The Journey of an Etching Process

Last week I had the wonderful Rowan (createdbyrowan.co.uk) stay with me for a short but sweet couple of days as she had her interview for the Graphic Design course here at Falmouth. I'm delighted and ever so proud to say that today she received an unconditional offer to study here. I'm crossing my fingers she will accept so we can make brunch dates like this one we had at Espressini a regular occurrence.

Although this etching process started out with an end goal in sight, as I've been making up my plate and printing from it, that end goal has developed. That's what I like about a process as complex as etching. It's a journey-like process; there are so many stages and steps in the creation of a piece that you are bound to change the planned 'route' at some point. The possibilities are endless and so the likelihood of following a plan to a T is little to none.

I'm no longer going to be cutting out the individual shapes I had made on the plate. After aqua-tinting the plate as a whole and printing it to see how the ink would grip to the grooves made by the photographic bite, I actually liked the image as a whole.

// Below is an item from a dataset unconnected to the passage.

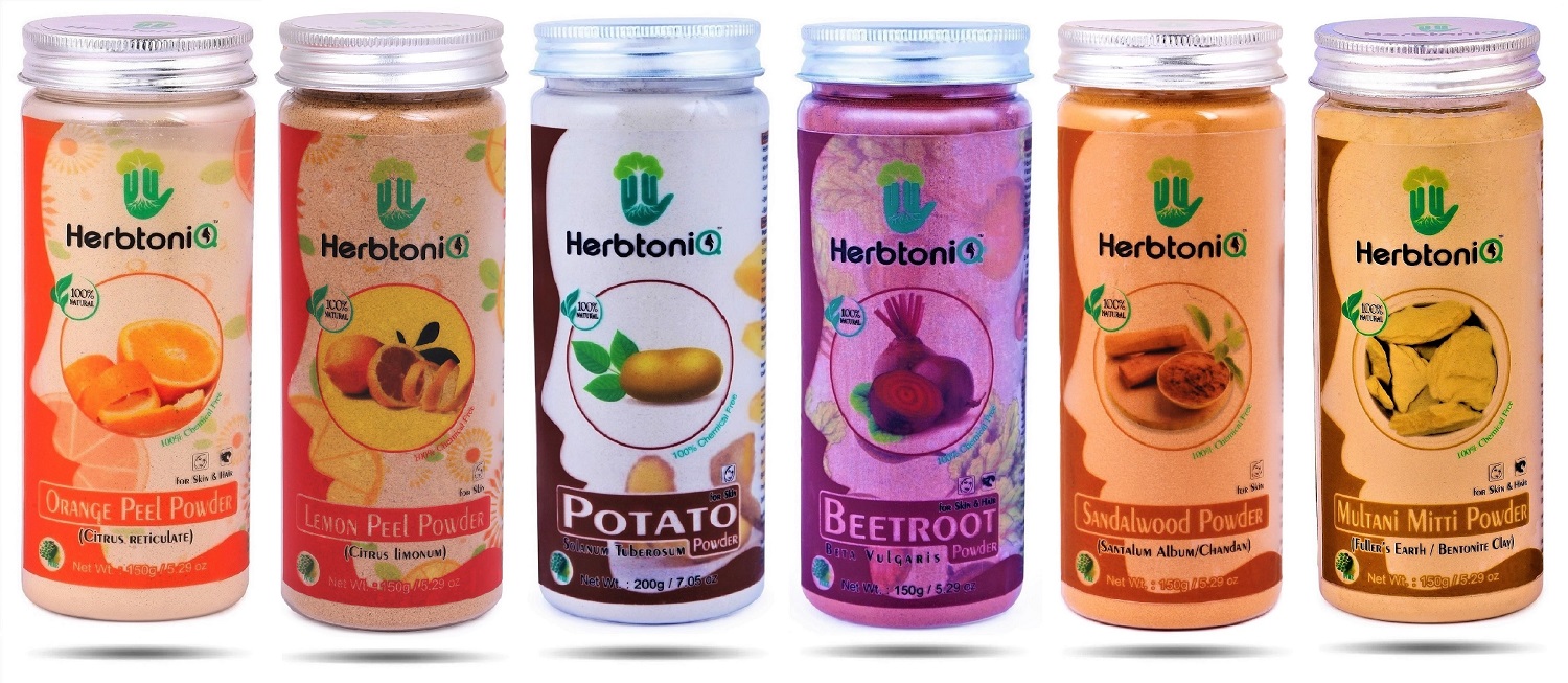 HerbtoniQ 100% Natural Pack of 6 Orange Peel, Lemon Peel, Potato, Beetroot, Sandalwood and Multani Mitti Powder For Face Pack(950 Gram)

However, there are areas where the print would benefit from more detail to bring it together as a final print.

I cleaned up the plate with white spirit, applied brasso, de-greased it and then applied a hard-ground over the top, ready for adding more detail and geometric shapes with the process of hard-ground etching.

After I'd made these initial hard ground lines and etched them, I applied a soft-ground to my plate and and created textures over the top of the entire surface with materials such as bubble wrap, mesh and sandpaper. Passing these materials through the print press with acetate placed over the top allowed the impressions of the materials to create textures on the soft-ground.

After I'd laid the textures onto the soft-ground, I have been using stop-out varnish to paint over the parts of the plate I didn't want the acid to reach. The varnish acts as a barrier to the acid, meaning only the shapes and areas of the plate I left exposed will be etched when placed in the zinc bath next week.

With some monoprints made earlier last week when waiting for the acid to bite my etching plate, I have been continuing collage trials in my sketchbook. I don't really know what these will materialise into - but I'm enjoying the process of making them and the outcomes I'm left with. The more time I'm spending piecing together collages and print-making, the more I'm noticing my work develop. An unintentional break away from painting practice may have been just what I needed to spur this project on.